(Extracted records)
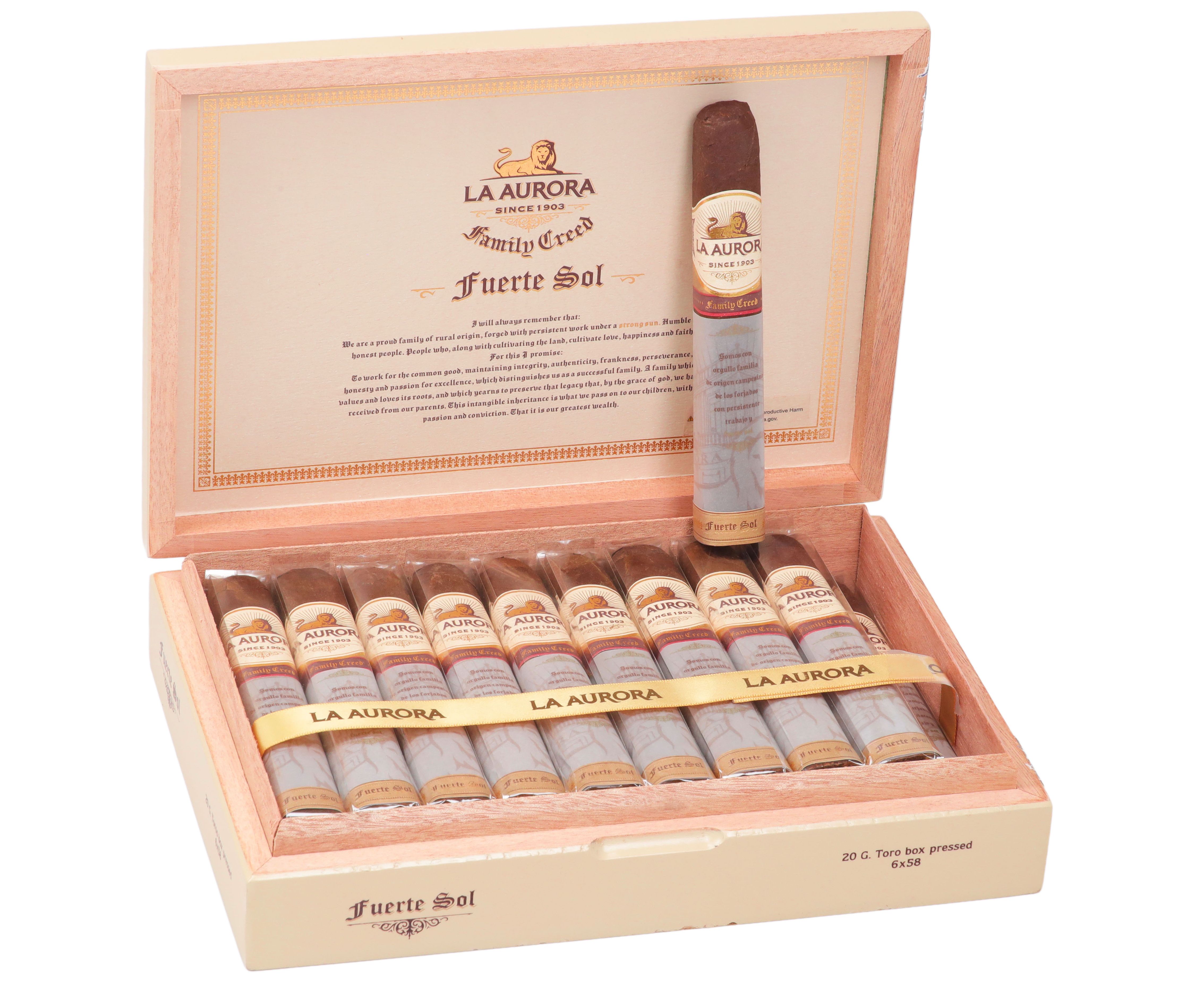 The La Aurora Family Creed Fuerte Sol Toro's full profile pairs excellently with single malt scotch, aged bourbon, or a robust port.
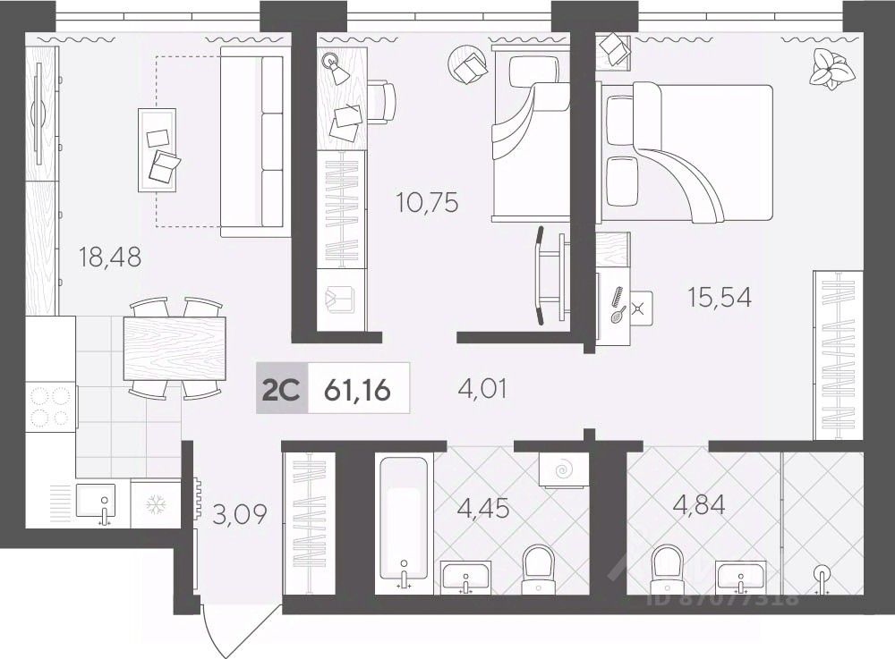 Продаётся 2-комнатная квартира в строящемся доме (ГП 2 (Сергея Корепанова, 34)), срок сдачи: IV-кв. 2027, общей площадью 61.16 кв.м., на 2 этаже. Новый жилой комплекс "Скандиа. Квартал у Леса" от Специализированного застройщика "СКАНДИА У ЛЕСА" расположен в г. Тюмень на ул. Бориса Прудаева.
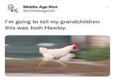 Other memetic reactions centered on the concept of Hawley running. For instance, on July 21st, Twitter[10] user middleageriot tweeted an image macro of a chicken running, captioning it, "I’m going to tell my grandchildren this was Josh Hawley," and earned roughly 3,900 likes in less than a day (shown below, left). On July 22nd, Twitter[11] user and contributor for Vanity Fair Franklin Leonard tweeted, "The Missouri Dems should host an annual Josh Hawley 5K as a fundraiser," earning roughly 36,600 likes in less than a day (shown below, right).
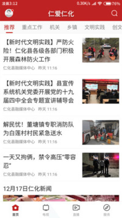 “仁爱仁化”是仁化县融媒体中心推出一款仁化当地的新闻客户端 ,主要报道仁化县委县政府中心工作,关注民生、社会热点问题,发挥舆论监督,维护社会稳定的主流媒体作用。它是一款集新闻资讯、手机电视、智慧城市、民生服务等于一体的新媒体平台, 结合当地特色,重视民生服务,成为仁化有影响力、百姓喜闻乐见的掌上平台。不仅为用户带来新鲜的本地资讯,还有全市以及全省、全国的新闻事件,更提供本地爆料以及生活服务。“仁爱仁化”——更懂你的本地应用客户端。
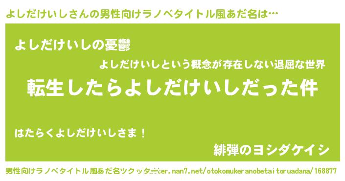 | 女子向けラノベタイトル風あだ名 | 『よしだけいしの玉の輿計画!』 |
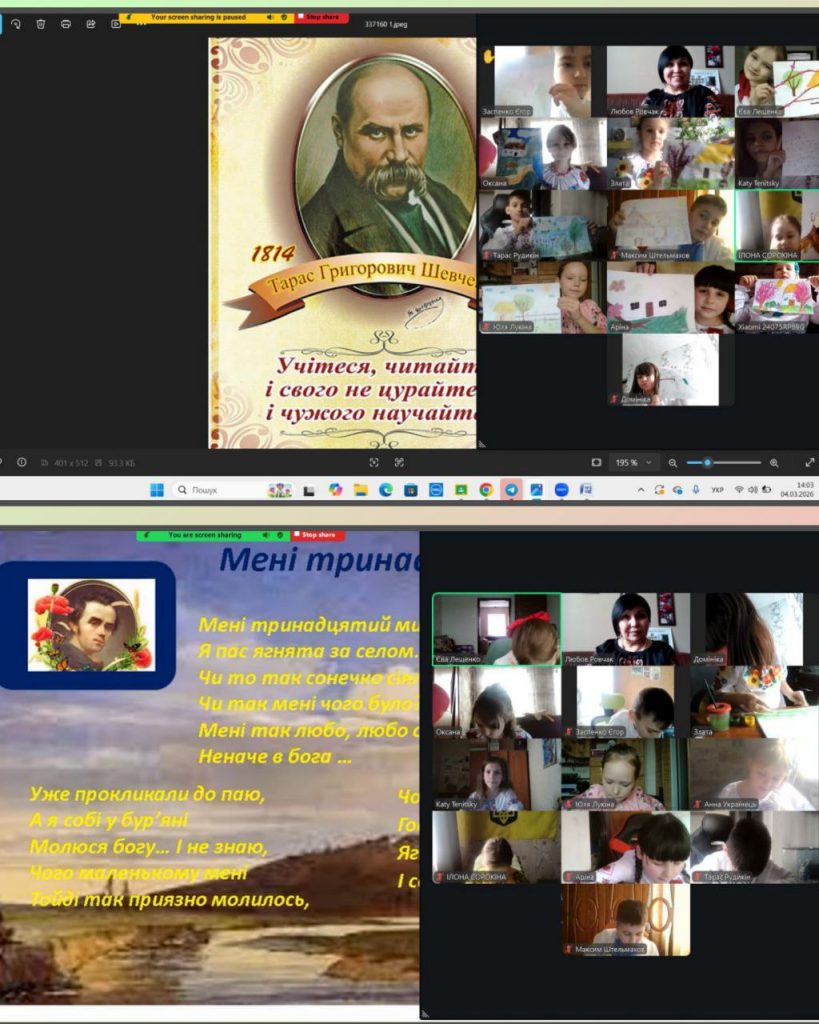На цьому тижні у ліцеї проходять заходи приурочені нашій історії, легенді, пам’яті, генію, людині- пророку – Тарасу Шевченку. Учні знайомляться з його життям, творчістю. Читають вірші, малюють ілюстрації до творів, переглядають презентації, відеоролики, бібліотечні виставки, вдумуються в слова, які є актуальними й у сьогоднішній час.
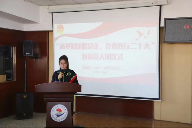 为学习贯彻习近平新时代中国特色社会主义思想和党的二十大精神、团的十九大精神,引领广大团员永远跟党走、共筑中国梦,切实增强团员的光荣感、使命感以及团组织的凝聚力,12月8日中午,校团委在图书馆501报告厅举办“高举团旗跟党走,青春践行二十大”新团员入团仪式。校团委指导教师张云惠、各系团干部及新发展的团员共300余人参加。
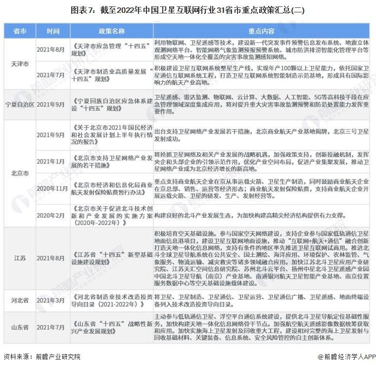 隨著北斗三代衛星導航系統的全面建成以及十四五規劃的發布,各省市針對衛星互聯網行業也做出了相應規劃,出臺新的政策指導行業更好更快發展。
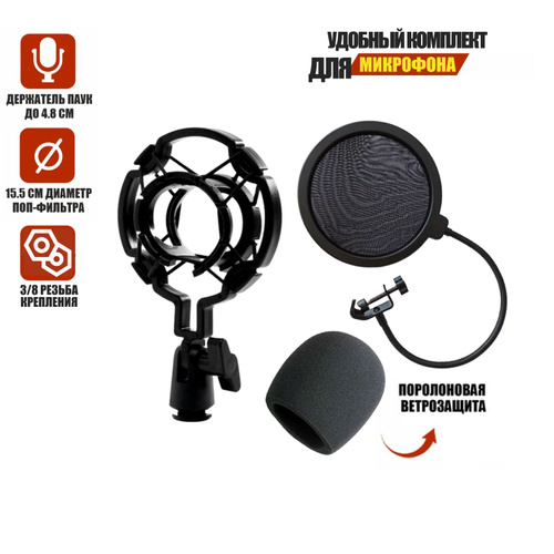 Комплект для микрофона: держатель паук P1, поп-фильтр 15,5 см и поролоновая ветрозащита
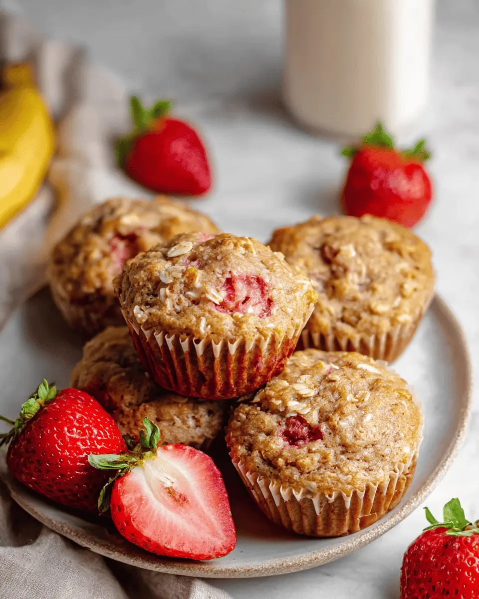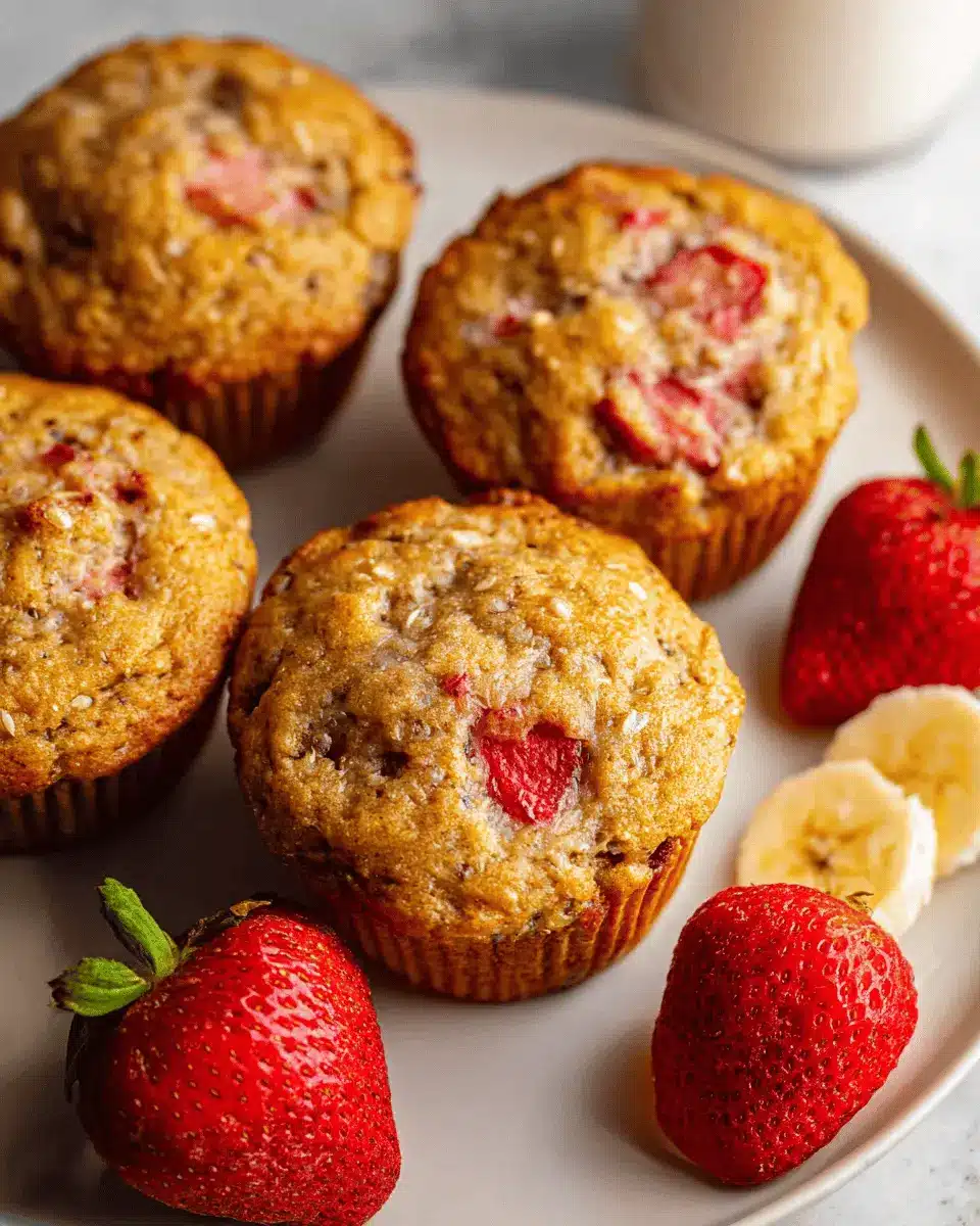 Not to mention, the aroma of freshly baked muffins can’t be beaten—your kitchen will smell heavenly! As you savor the fruits’ natural sweetness combined with the nutty oats and wholesome flour, you’ll wonder why you ever bought muffins from the store. So, gather your ingredients, and let’s whip up a batch of these irresistible Healthy Strawberry Banana Muffins!

ACTIVITY | Give back, word for word, the lines from the one with "Комплект для микрофона: держатель" to the end of the records above, and no pictures.

RESULT |
 Комплект для микрофона: держатель паук P1, поп-фильтр 15,5 см и поролоновая ветрозащита
 Not to mention, the aroma of freshly baked muffins can’t be beaten—your kitchen will smell heavenly! As you savor the fruits’ natural sweetness combined with the nutty oats and wholesome flour, you’ll wonder why you ever bought muffins from the store. So, gather your ingredients, and let’s whip up a batch of these irresistible Healthy Strawberry Banana Muffins!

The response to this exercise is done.